コペルニクス(1473年 - 1543年)はポーランドの天文学者で、「地動説(太陽中心説)」の提唱者として知られる人物です。コペルニクスはトルンの商人の息子で、クラクフ大学で受けた天文学の講義で宇宙観について考えるようになりました。その後イタリア留学中に古代ギリシアの文献を調べる中で、アリスタルコスやプトレマイオスの太陽中心説に影響を受け、当時支配的だった天動説(天体は地球を中心に回っているとする説)に疑問を抱くようになったようです。そして死の直前の1543年地動説を証明する『天体の回転について』の全編が刊行され、当時の天文学に激震を与えました。彼は近代科学成立のきっかけと作ったという意味でも非常に重要な役割を果たしたのです。

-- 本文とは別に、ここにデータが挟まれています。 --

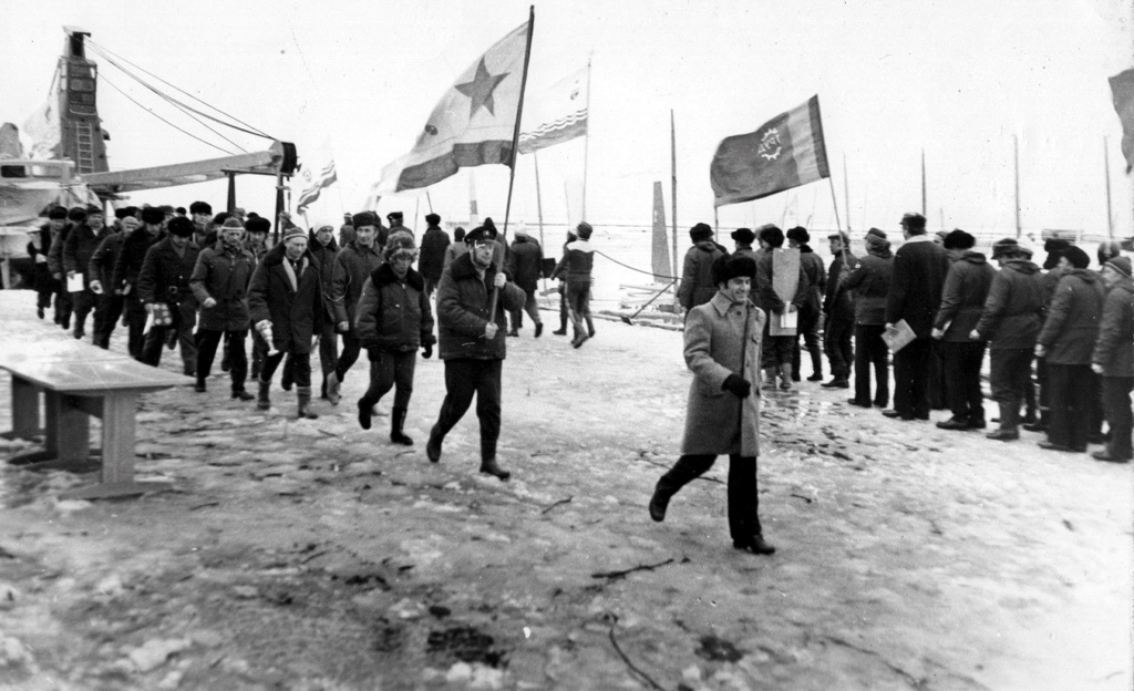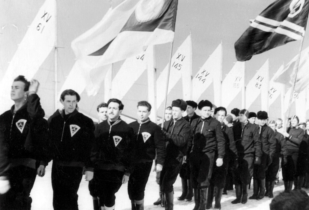 Парад открытия Чемпионата СССР 1957 года. Слева направо: второй Виктор Поппель, Борис Кулаженков (шкотовый Виктора Шапочкина), Михаил Песочинский (кажется шкотовый Николая Матвеева), Павел Паршин (шкотовый Виктора Горлова), Игорь Доминяк с флагом ДСО «Красная Звезда», за мной, правее Геннадий Семенович Назаров.

コペルニクス最大の功績といえば、やはり地動説の証明があげられるでしょう。地動説(太陽中心説)自体は古代においてもアリスタルコスらに主張されていましたが、彼の死後は忘れ去られ、中世にはいるとキリスト教の影響によりタブー視すらされるようになりました。天動説にもとづく宇宙観が、当時のキリスト教の価値観に合致していたためです。
しかしコペルニクスはキリスト教が存在しなかった古代ギリシア・ローマの古典に触れる中で、太陽中心説を信じるようになりました。そして肉眼による天体観測にもとづき、死の直前『天体の回転について』を刊行し地動説を証明。天文学に絶大な影響をもたらし、近代科学成立のきっかけを作ったのです。

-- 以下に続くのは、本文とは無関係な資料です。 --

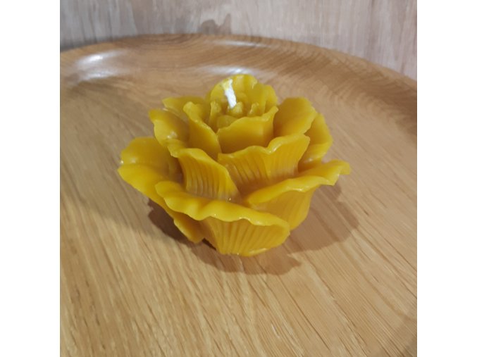Přírodní svíčka ze včelího vosku ve tvaru rozkvetlého květu růže.

コペルニクスが生きたのは1473年〜1543年、ガリレオが生きたのは1564年〜1642年。コペルニクスの死の約20年後にガリレオが生まれているので、直接的な関係はありません。しかしコペルニクスはアリスタルコス以来封印されていた地動説を再び表舞台に引っ張り出し体系化、それをガリレオが補完して完成させた、という世代を超えた関係性は非常に重要です。

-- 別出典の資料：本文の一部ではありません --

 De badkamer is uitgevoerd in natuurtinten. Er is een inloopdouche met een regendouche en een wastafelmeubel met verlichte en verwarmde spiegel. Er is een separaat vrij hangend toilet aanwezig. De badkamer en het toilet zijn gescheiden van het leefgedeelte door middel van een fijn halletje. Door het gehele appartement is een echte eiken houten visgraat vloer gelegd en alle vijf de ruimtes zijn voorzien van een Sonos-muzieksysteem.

天動説は当時のキリスト教の教義に取り込まれていたので、共に大反発に合いましたが、コペルニクスは特にお咎めがなかったのに対し、ガリレオは宗教裁判にかけられ自説の封印を命じられています。そのためコペルニクスは充実したまま生涯を終えているのに対し、ガリレオは不遇の晩年を送っています。
この処遇の違いは、2人の性格の違いにあるといわれていますね。コペルニクスが自説を維持したまま、教会の機嫌を損ねないように慎重なふるまいをしていたのに対し、ガリレオは論争好きで忖度しなかった為、正面から教会を敵に回してしまったのです。